Results of the August 2023 Negeri Sembilan state election, by party.

| Party or alliance |  |  |  | Votes | % | Seats | +/– |
|  | Pakatan Harapan + Barisan Nasional |  | Democratic Action Party | 150,843 | 25.90 | 11 | 0 |
|  | United Malays National Organisation | 129,548 | 22.24 | 14 | –2 |
|  | People's Justice Party | 51,438 | 8.83 | 5 | –1 |
|  | National Trust Party | 22,899 | 3.93 | 1 | –2 |
| Total |  | 354,728 | 60.90 | 31 | –5 |
|  | Perikatan Nasional |  | Malaysian Islamic Party | 94,269 | 16.18 | 3 | +3 |
|  | Malaysian United Indigenous Party | 106,295 | 18.25 | 2 | +2 |
|  | Parti Gerakan Rakyat Malaysia | 18,739 | 3.22 | 0 | 0 |
| Total |  | 219,303 | 37.65 | 5 | +5 |
|  | Malaysian United Democratic Alliance |  |  | 640 | 0.11 | 0 | New |
|  | Independents |  |  | 7,784 | 1.34 | 0 | 0 |
| Total |  |  |  | 582,455 | 100.00 | 36 | – |

=== By parliamentary constituency ===
PH+BN won all 8 parliamentary constituency by average percentages.

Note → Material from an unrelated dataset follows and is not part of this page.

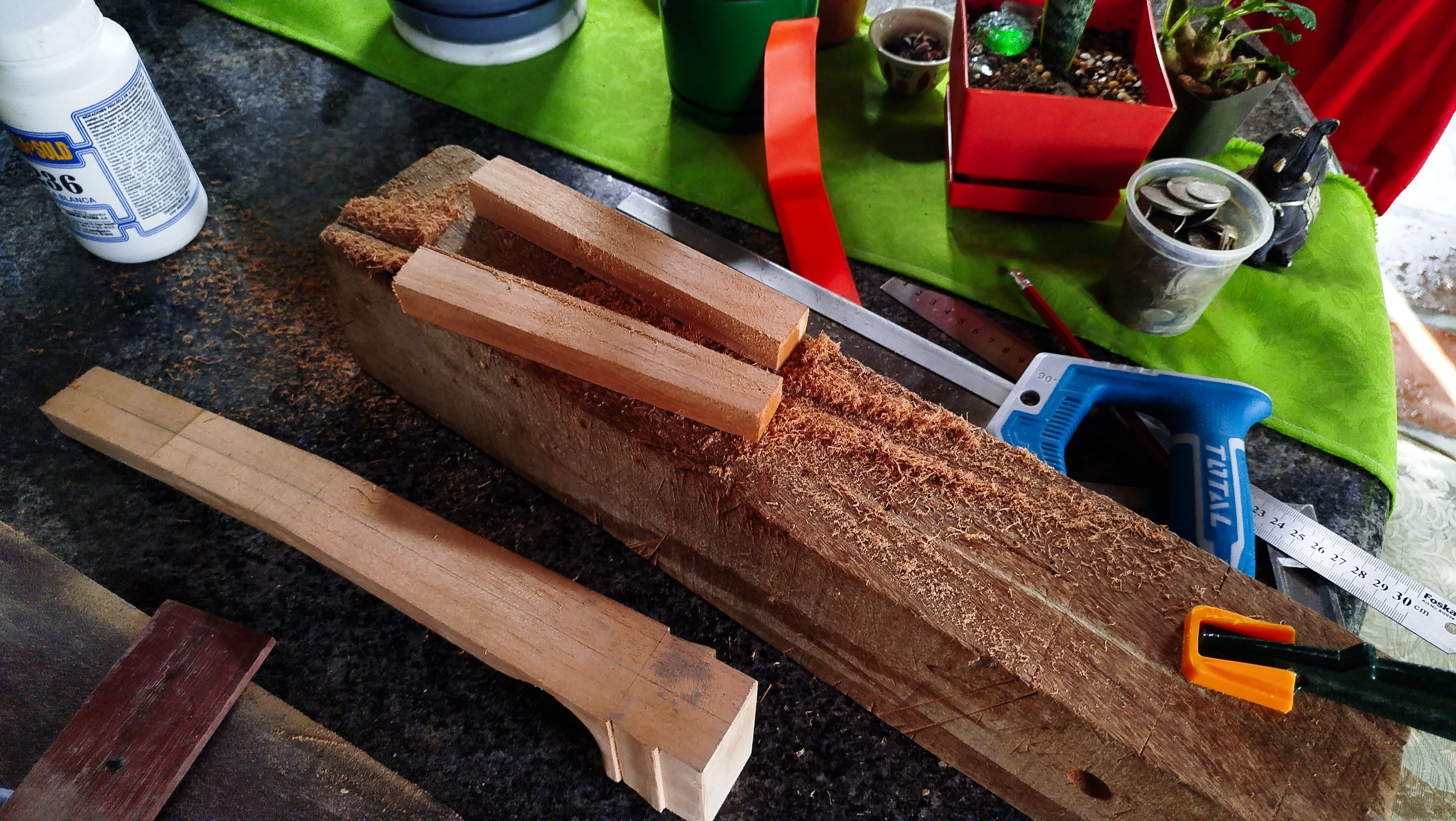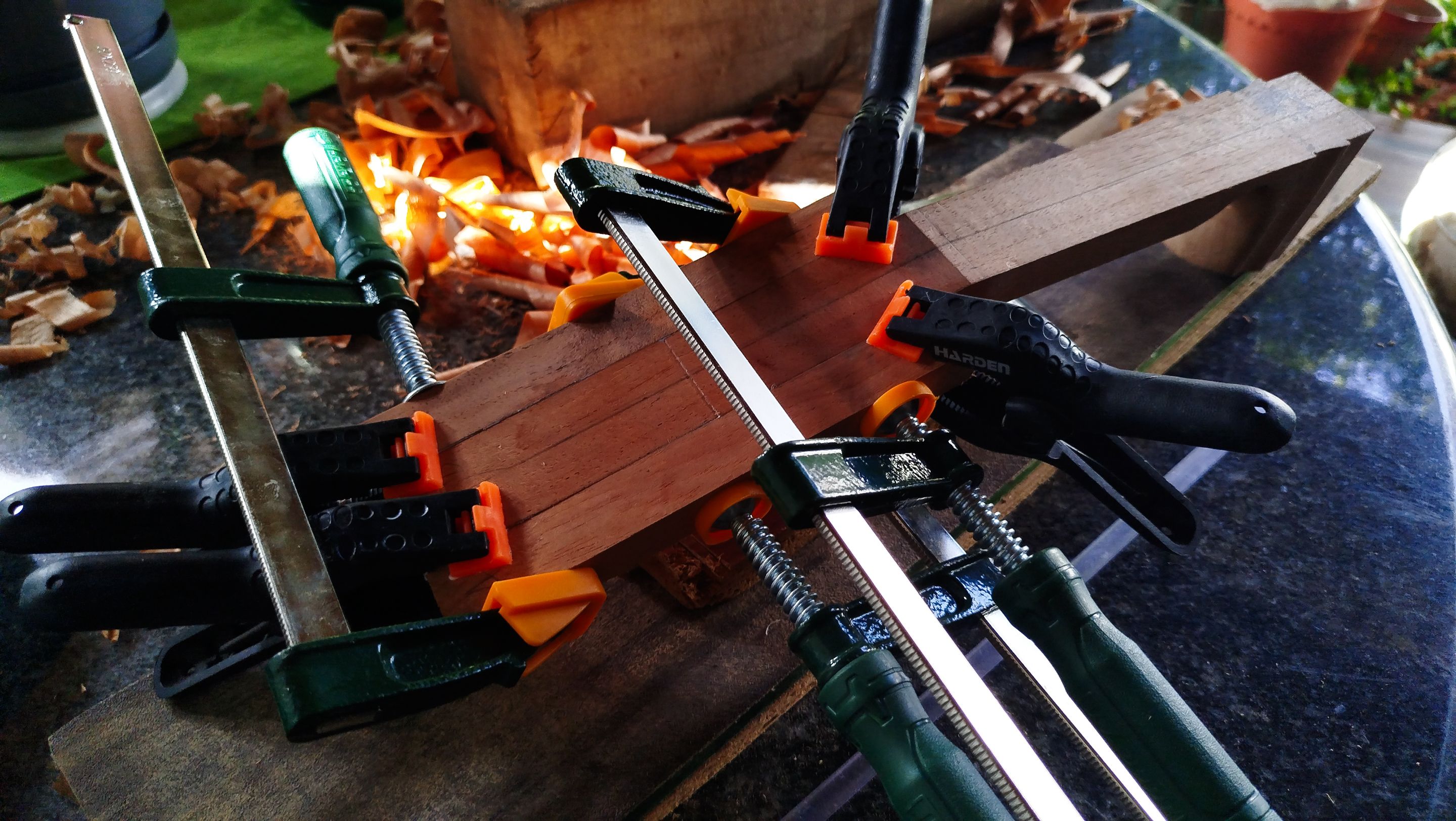 Next, we star working on the bars we have cut before to finish the head stock. We need to create a flush glue up to have enough strength of the construction. We use our sanding table for this. And we might also use it to work the main structure of the neck until we have everything aligned. Next, we start making the glue up. We use some smaller clamps to keep the bars in place. Then we use the bigger clamps to apply pressure.

| No. | Constituency | Pakatan Harapan + Barisan Nasional | Perikatan Nasional | Member of Parliament |
|---|---|---|---|---|
| P126 | Jelebu | 57.11% | 41.99% | Jalaluddin Alias |
| P127 | Jempol | 57.48% | 42.72% | Shamshulkahar Mohd. Deli |
| P128 | Seremban | 61.32% | 33.24% | Anthony Loke Siew Fook |
| P129 | Kuala Pilah | 55.05% | 44.96% | Adnan Abu Hassan |
| P130 | Rasah | 74.02% | 24.96% | Cha Kee Chin |
| P131 | Rembau | 53.77% | 44.32% | Mohamad Hasan |
| P132 | Port Dickson | 62.75% | 37.25% | Aminuddin Harun |
| P133 | Tampin | 55.00% | 45.00% | Mohd Isam Mohd Isa |

=== Seats that changed allegiance ===

| No. | Seat | Previous Party (2018) |  |  | Current Party (2023) |  |  |
| N05 | Serting |  | Barisan Nasional (UMNO) |  | Perikatan Nasional (PAS) |
| N07 | Jeram Padang |  | Barisan Nasional (MIC) |  | Barisan Nasional (UMNO) |
| N09 | Lenggeng |  | Pakatan Harapan (AMANAH) |  | Barisan Nasional (UMNO) |
| N20 | Labu |  | Pakatan Harapan (PKR) |  | Perikatan Nasional (BERSATU) |
| N25 | Paroi |  | Pakatan Harapan (AMANAH) |  | Perikatan Nasional (PAS) |
| N31 | Bagan Pinang |  | Barisan Nasional (UMNO) |  | Perikatan Nasional (PAS) |
| N35 | Gemas |  | Barisan Nasional (UMNO) |  | Perikatan Nasional (BERSATU) |

== Aftermath ==
Aminuddin were sworn in as Menteri Besar for his second term in front of Yang Dipertuan Besar of Negeri Sembilan on 14 August. Ten EXCO members were sworn in on 24 August.